Experiment performance

This page describes the factors that contribute to the performance of Driverless AI experiments.

Each completed experiment iteration in Driverless AI experiments is a fitted model, but you can control the number of iterations with the time dial and the parameter_tuning_num_models TOML config mentioned in the following section. Additionally, each model takes some number of model iterations. XGBoost builds trees with a default up to about 3000 trees, but this can be modified with the max_nestimators TOML config mentioned in the following section.

List of TOML configs that can affect performance

The following list describes a variety of controls over the experiment and model runtimes:

  • Set max_runtime_minutes to a smaller number of minutes, e.g. 60 for 1 hour allowed. By default, DAI uses minimum of its estimate of an experiment runtime and max_runtime_minutes, or greater than 1 hour as chosen by min_auto_runtime_minutes.

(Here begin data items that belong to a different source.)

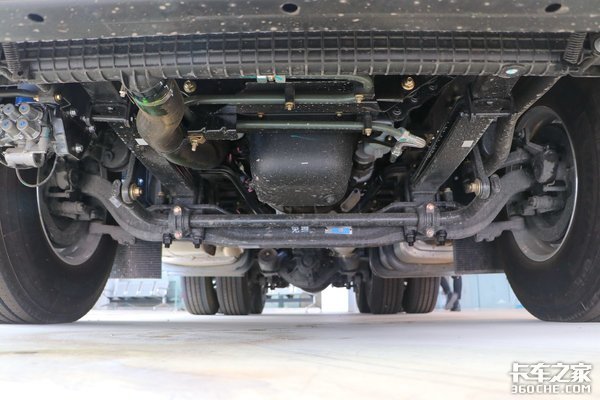 使用前三后四的钢板弹簧悬架结构,配备速比是3.64的440后桥,不仅有效地降低了整车自重,还保证了整车的承载力。
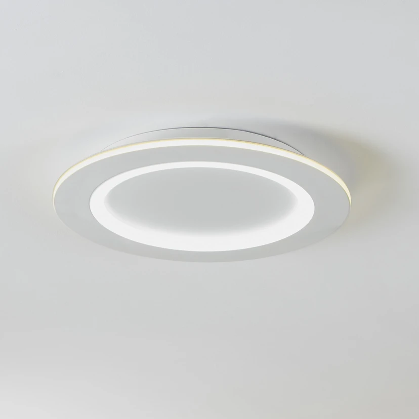 Die LED Deckenleuchte Padrogiano-Z ist ein Produkt aus dem Smart Home Sortiment connect.Z Sie ist aus weißem Metall und einem großen Kunststoff-Ring gefertigt. Die integrierten LEDs spenden angenehmes Licht, das sich dank der RGB- und CCT-Farbwechselfunktion nach Wunsch einstellen lässt. Der Innenteil der Leuchte spendet weiße Beleuchtung, die sich zwischen warmweißem, universalweißem und tageslichtweißem Licht einstellen lässt, die im Außenring rundum verbauten LEDs bieten eine Vielzahl an RGB Lichtfarben. Sowohl der äußere, als auch der innere Ring können separat ein- und ausgeschaltet sowie gedimmt werden. Die Steuerung der Deckenlampe erfolgt via kostenloser App (AwoX Home Control), womit der Zugriff auf weitere Komfortfunktionen wie Dimmen, Timer, Anwesenheitssimulation und vielen mehr ermöglicht wird. Die Ansteuerung des LED Panels erfolgt über Bluetooth sowie ZigBee 3.0 und ermöglicht zudem die Steuerung über kompatible Sprachassistenten. Eine alternative Bedienung der Deckenleuchte ist über die separat erhältliche Fernbedienung möglich. Die runde Leuchte fügt sich in eine Vielzahl von Einrichtungsstilen ein und bietet eine stimmungsvolle Beleuchtung für jeden Raum – egal ob in der Küche, im Wohnzimmer, Schlafzimmer, Flur oder Büro.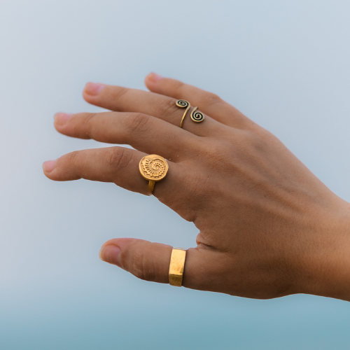 הטבעת עשויה מחומר בראס (פליז) שזה הנחושת והאבץ אשר יוצרים את הצבע המוזהב ועמידה במים, או מציפוי כסף שאינו עמיד במים ומומלץ לשמור לשימוש ארוך וממושך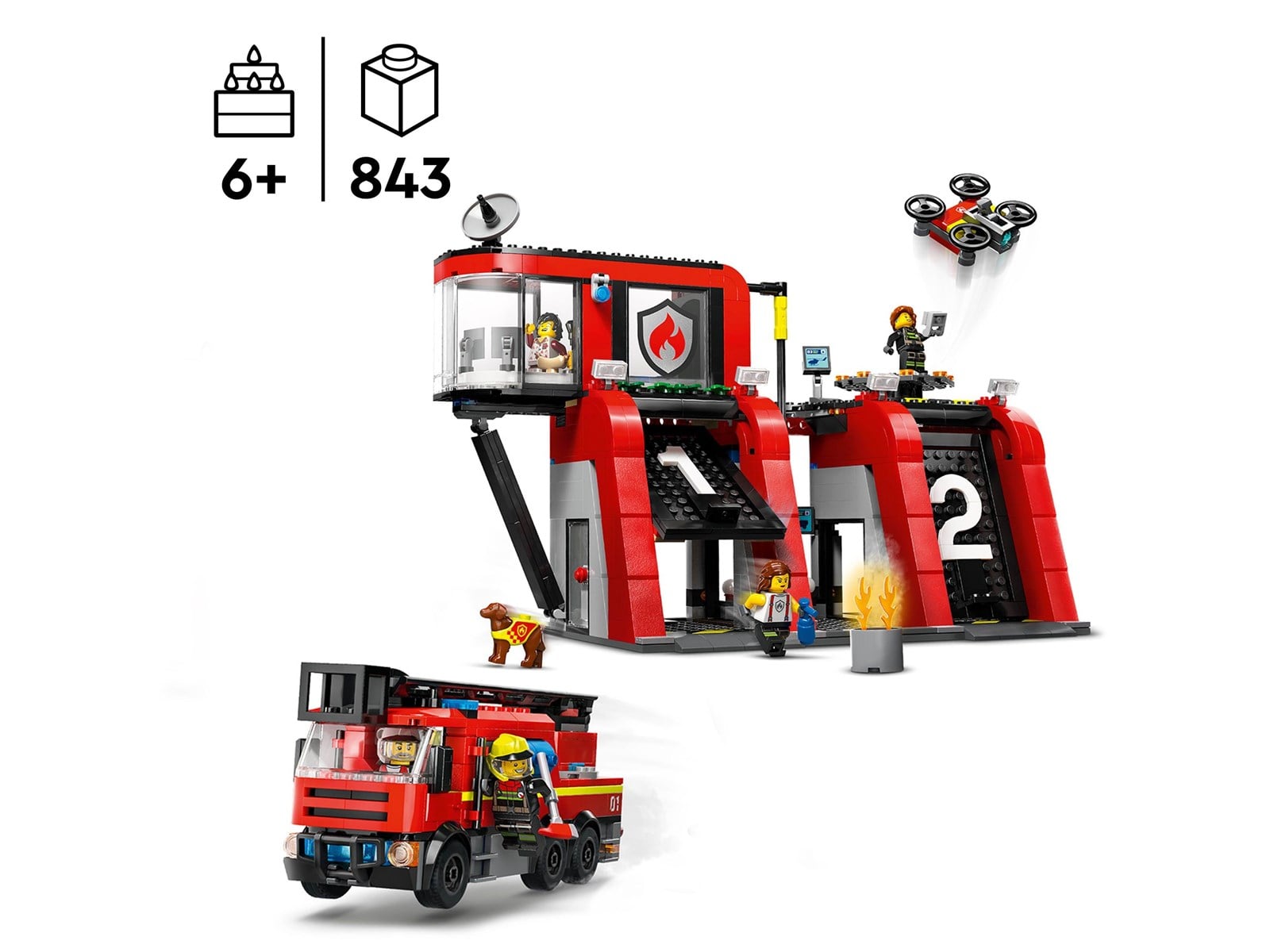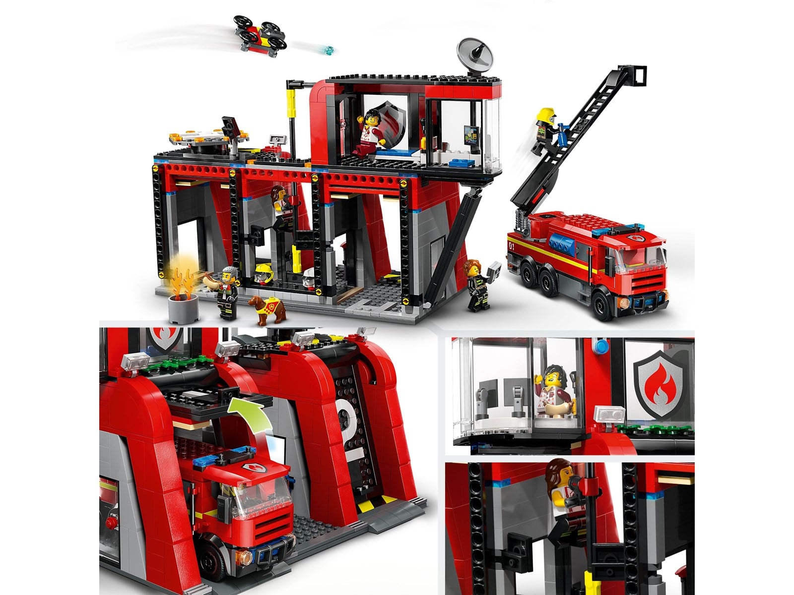 Brandstationen har 5 brandmansminifigurer och en brandhundsfigur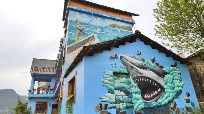 Китайскую деревушку разукрасили 3D-муралами для привлечения туристов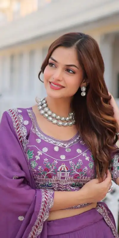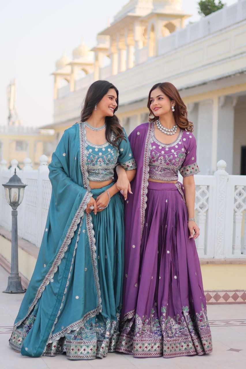 Purple Pure Chinon Embroidery Work Lehenga Choli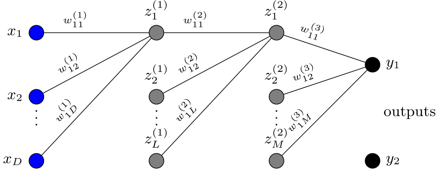 [图2:MLP架构。为了清晰,图表显示了少数单元的连接。每层完全连接,具有ReLU激活。输入维度D = h1 × w1。第一层和第二层中的隐藏单元数分别标记为L和M。]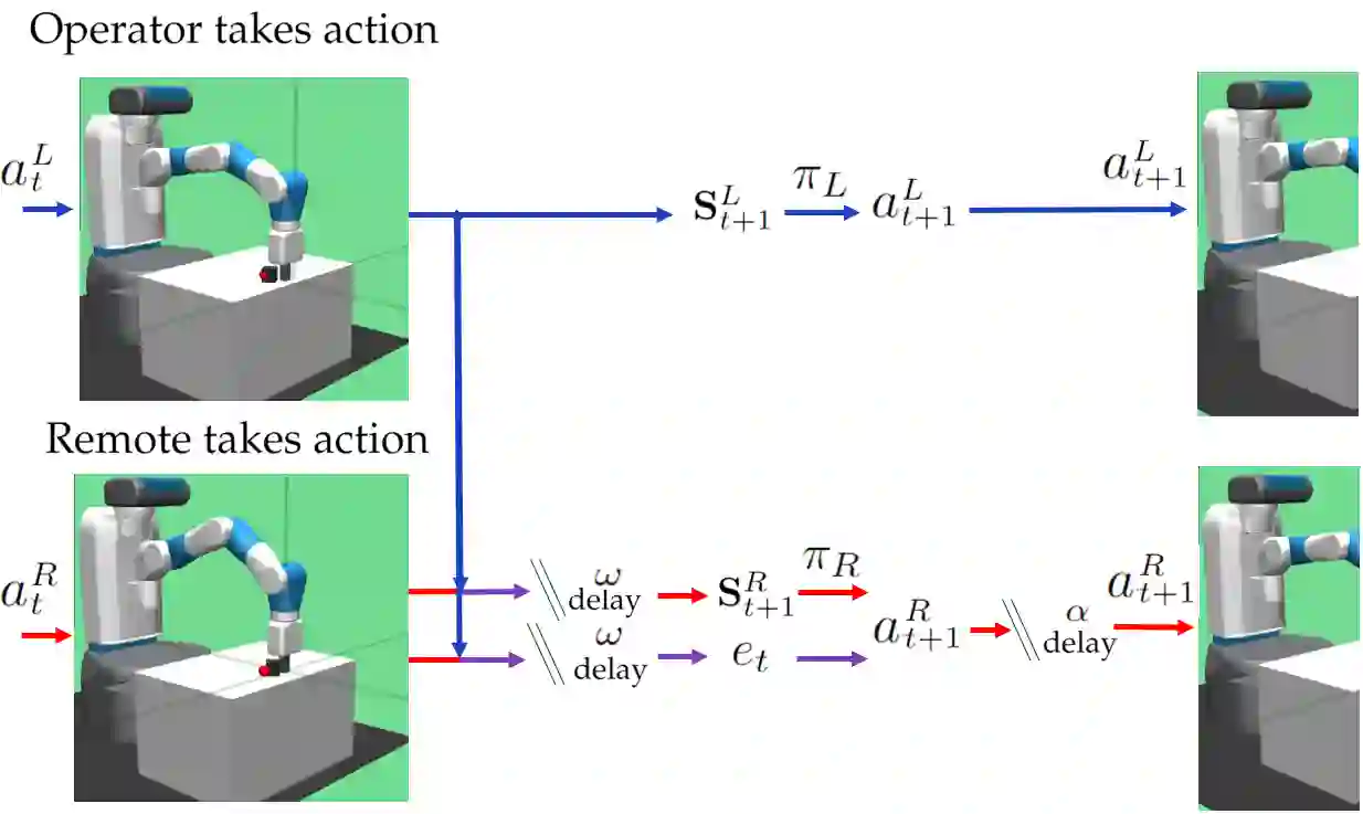 Local-remote systems allow robots to execute complex tasks in hazardous environments such as space and nuclear power stations. However, establishing accurate positional mapping between local and remote devices can be difficult due to time delays that can compromise system performance and stability. Enhancing the synchronicity and stability of local-remote systems is vital for enabling robots to interact with environments at greater distances and under highly challenging network conditions, including time delays. We introduce an adaptive control method employing reinforcement learning to tackle the time-delayed control problem. By adjusting controller parameters in real-time, this adaptive controller compensates for stochastic delays and improves synchronicity between local and remote robotic manipulators. To improve the adaptive PD controller's performance, we devise a model-based reinforcement learning approach that effectively incorporates multi-step delays into the learning framework. Utilizing this proposed technique, the local-remote system's performance is stabilized for stochastic communication time-delays of up to 290ms. Our results demonstrate that the suggested model-based reinforcement learning method surpasses the Soft-Actor Critic and augmented state Soft-Actor Critic techniques. Access the code at: https://github.com/CAV-Research-Lab/Predictive-Model-Delay-Correction
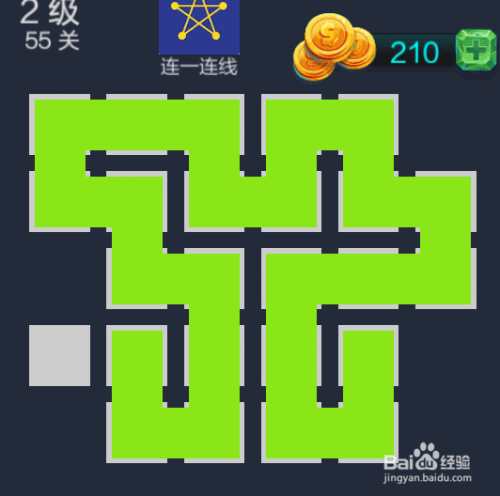 最强连连续2级55关的画法如下图所示,最后那一个连上就可以了。
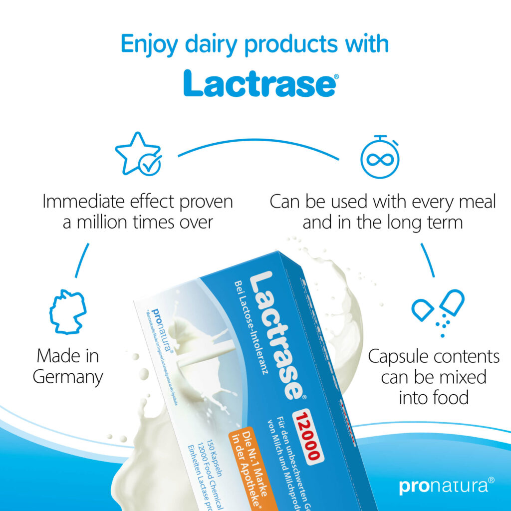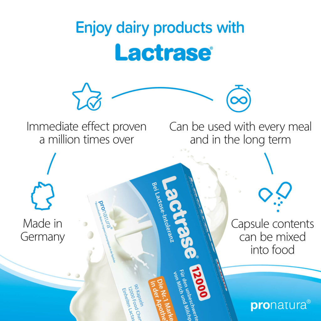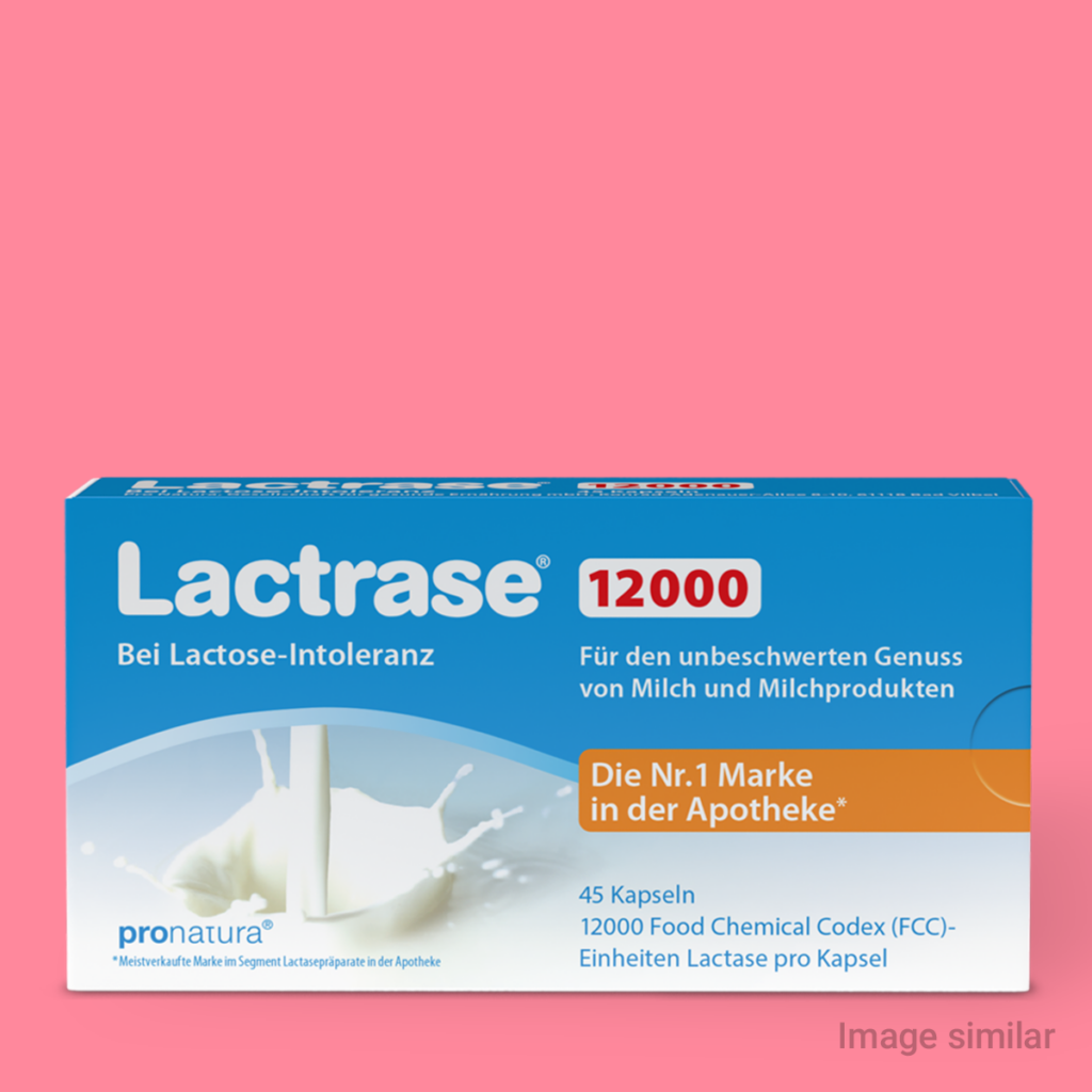 The activity of the lactase contained in Lactrase® is expressed in FCC units. The higher the FCC units, the more active the lactase – and the more lactose it can break down. According to a recommendation from the European Food Safety Authority (EFSA), at least 4500 FCC units of lactase should be consumed with each meal containing lactose. However, you should test for yourself what amount of Lactrase® is sufficient for you. This depends in particular on how much lactase your body produces itself and on the amount of lactose contained in the meal.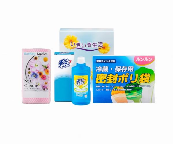 ライオンチャーミーVクイック100ml×1、ルンルンネットクリーナー(ピンク・ブルー・イエローのアソート)×1、密封ポリ袋(フリージングパック)2枚入×1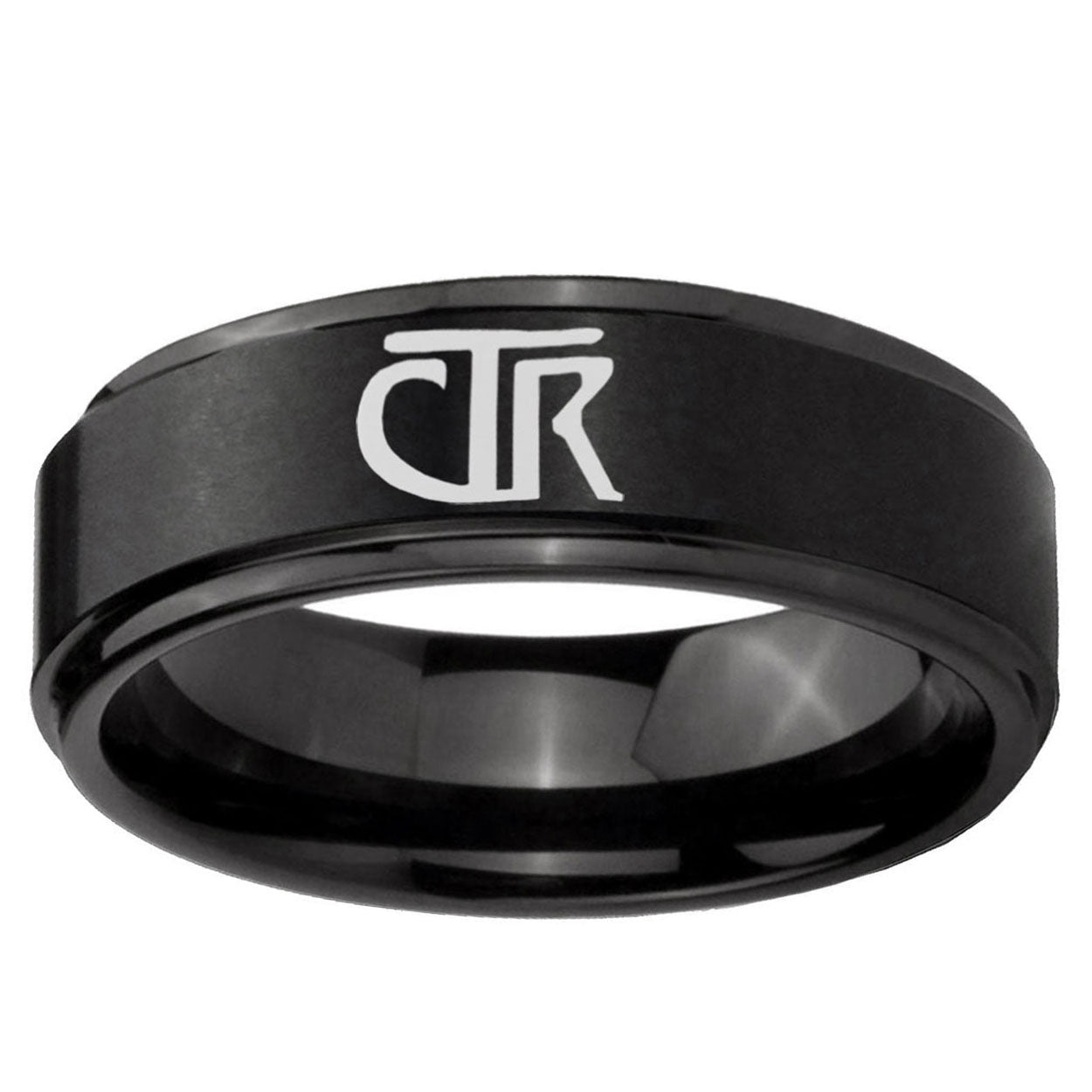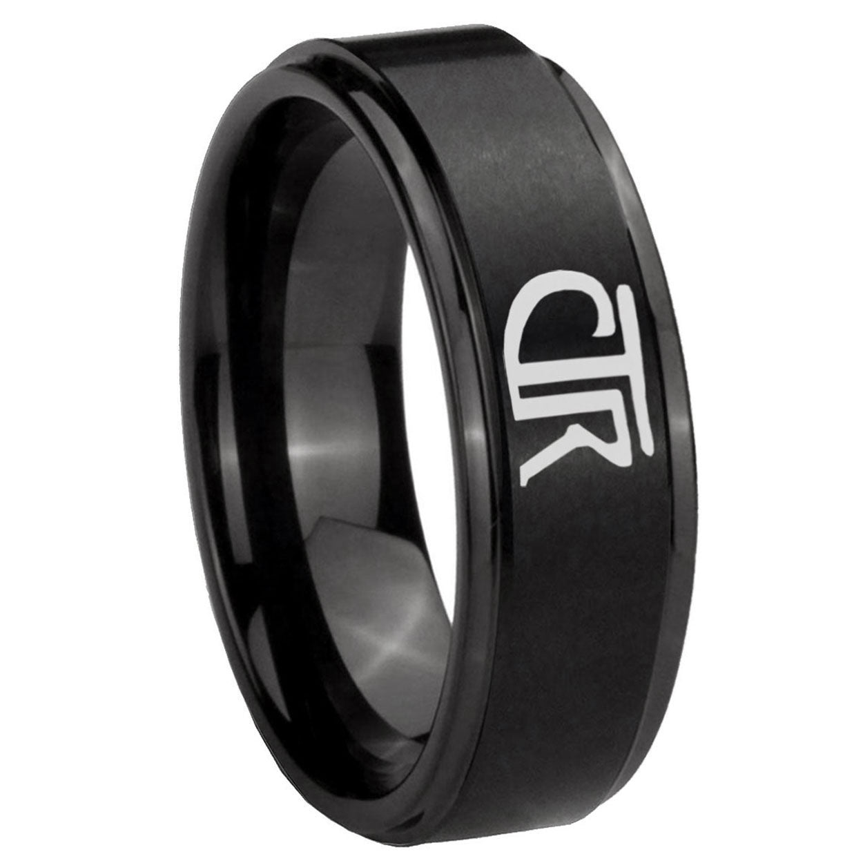Intruding 5, 8mm CTR Step Edges Brush Black Tungsten Carbide Mens Wedding Band . Offer in both 5mm and 8mm band width brush black plated finished from size 4 to 14

  • Some algorithms perform much better on GPUs, like XGBoost, Bert, and Image models. Using GPUs is highly recommended for XGBoost when one has several classes, when many trees are built, or data is 100k to 1M rows and 100-300 columns, or whatever would fit onto the GPU memory for larger data.

  • Set the time dial to a lower value, which will do fewer models in tuning and evolution phases.

  • Set the interpretability dial to a larger value, which will more aggressively prune weak features, prune weak base models in ensemble, and avoid high-order feature interactions (interaction depth). You can also set fixed_feature_interaction_depth to control interaction depth directly.

  • Set parameter_tuning_num_models to a fixed non-zero but small value, to directly control number of tuning models instead of set automatically by dials.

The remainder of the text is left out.